Dataset extract below:

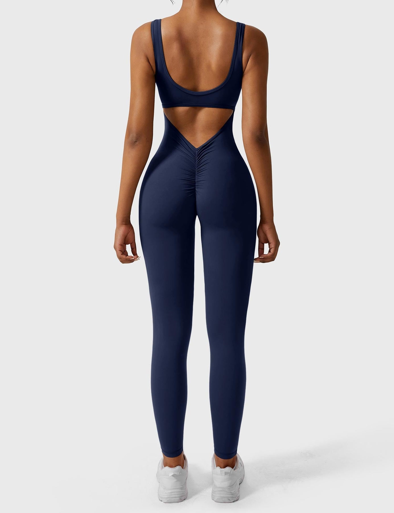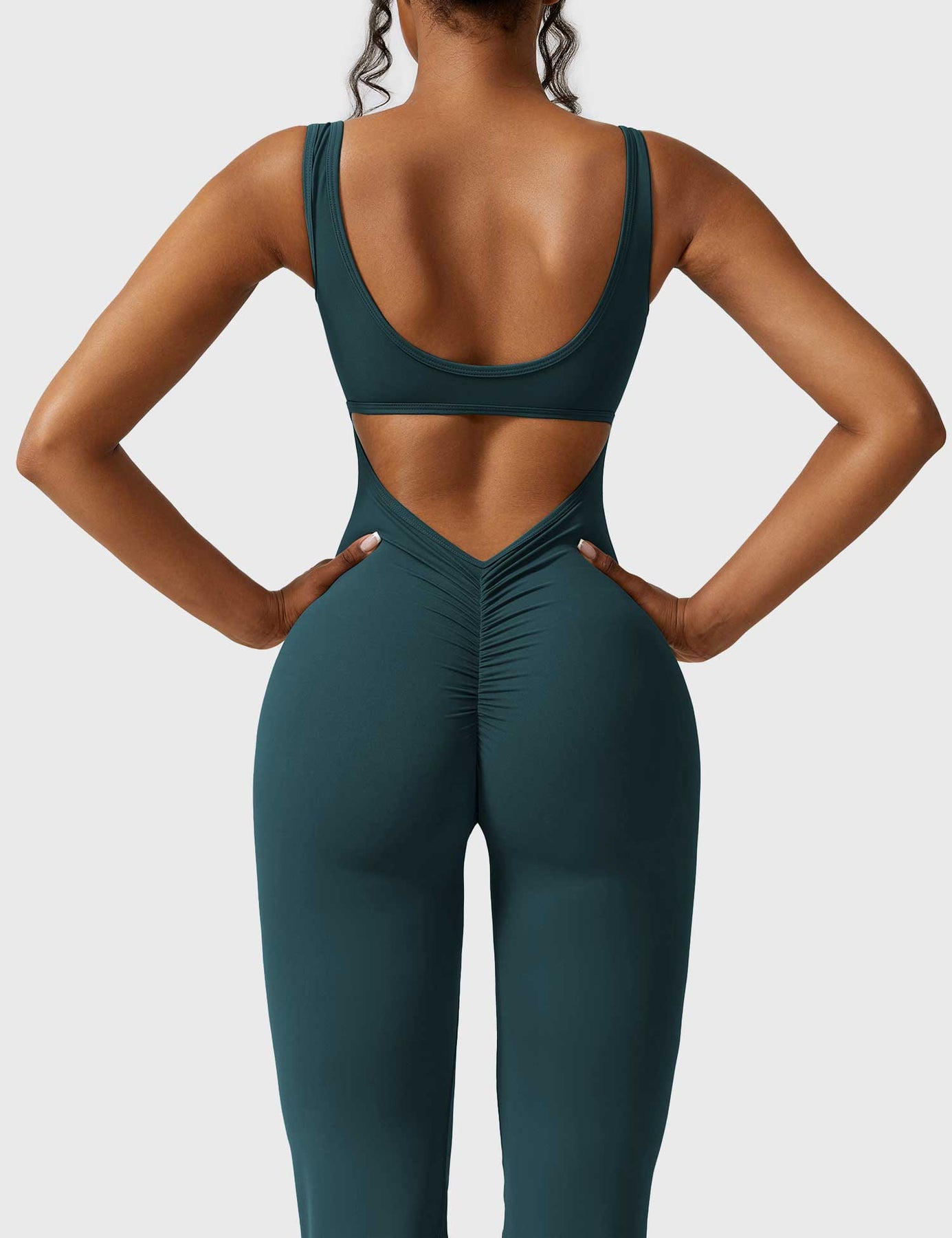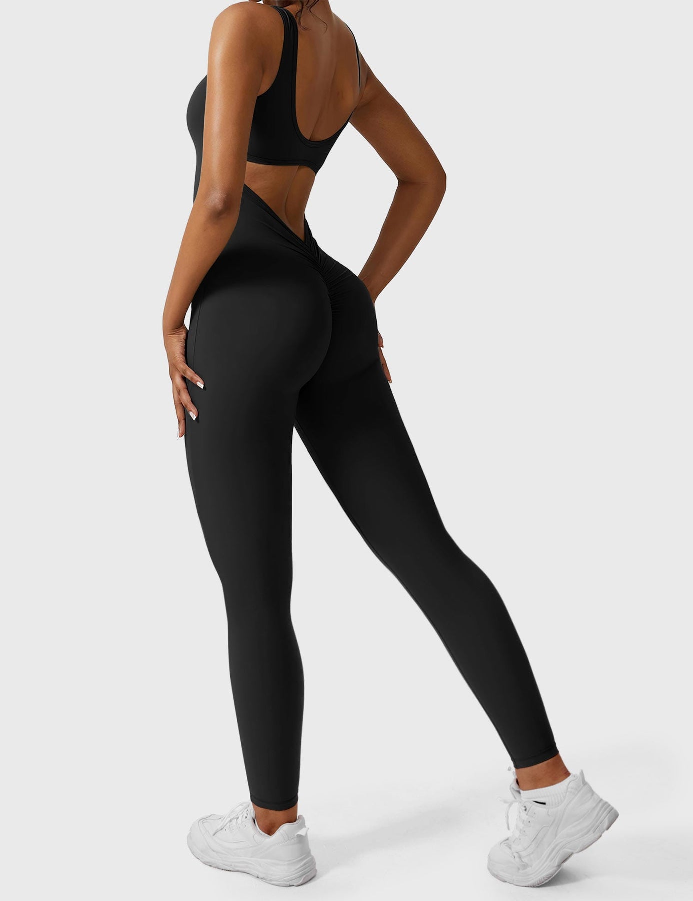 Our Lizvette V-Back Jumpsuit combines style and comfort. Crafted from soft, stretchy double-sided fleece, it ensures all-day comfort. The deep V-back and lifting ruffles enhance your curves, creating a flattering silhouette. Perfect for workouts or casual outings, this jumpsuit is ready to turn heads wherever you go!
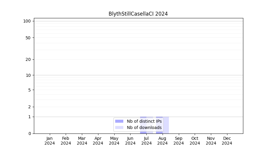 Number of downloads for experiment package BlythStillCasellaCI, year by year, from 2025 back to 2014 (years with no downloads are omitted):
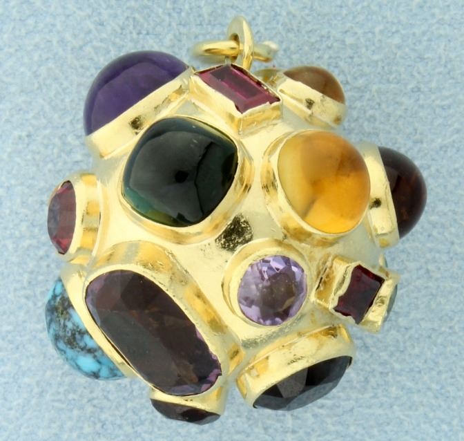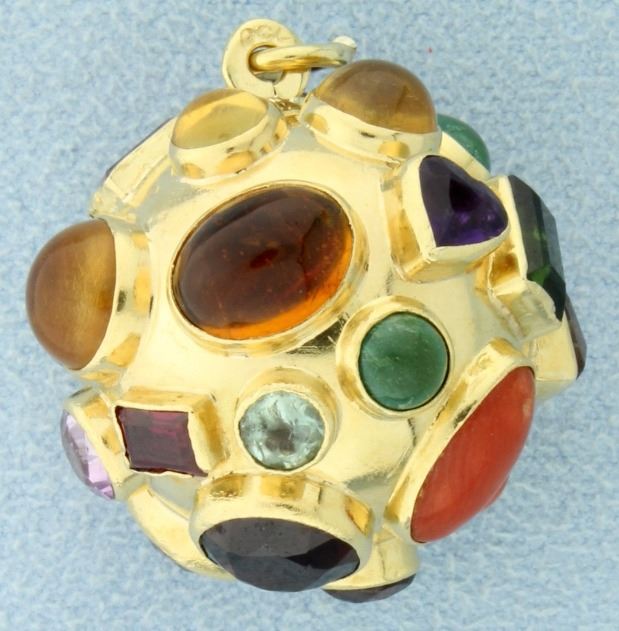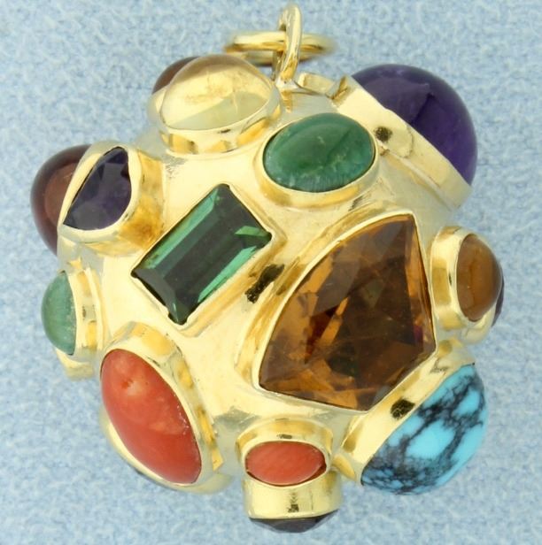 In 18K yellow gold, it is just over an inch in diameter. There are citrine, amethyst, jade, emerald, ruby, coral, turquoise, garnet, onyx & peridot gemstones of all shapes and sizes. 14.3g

End of Dataset extract.

What you should do: Take the material above and set it down exactly, minus the images.

Output of the exercise:
 Our Lizvette V-Back Jumpsuit combines style and comfort. Crafted from soft, stretchy double-sided fleece, it ensures all-day comfort. The deep V-back and lifting ruffles enhance your curves, creating a flattering silhouette. Perfect for workouts or casual outings, this jumpsuit is ready to turn heads wherever you go!
 Number of downloads for experiment package BlythStillCasellaCI, year by year, from 2025 back to 2014 (years with no downloads are omitted):
 In 18K yellow gold, it is just over an inch in diameter. There are citrine, amethyst, jade, emerald, ruby, coral, turquoise, garnet, onyx & peridot gemstones of all shapes and sizes. 14.3g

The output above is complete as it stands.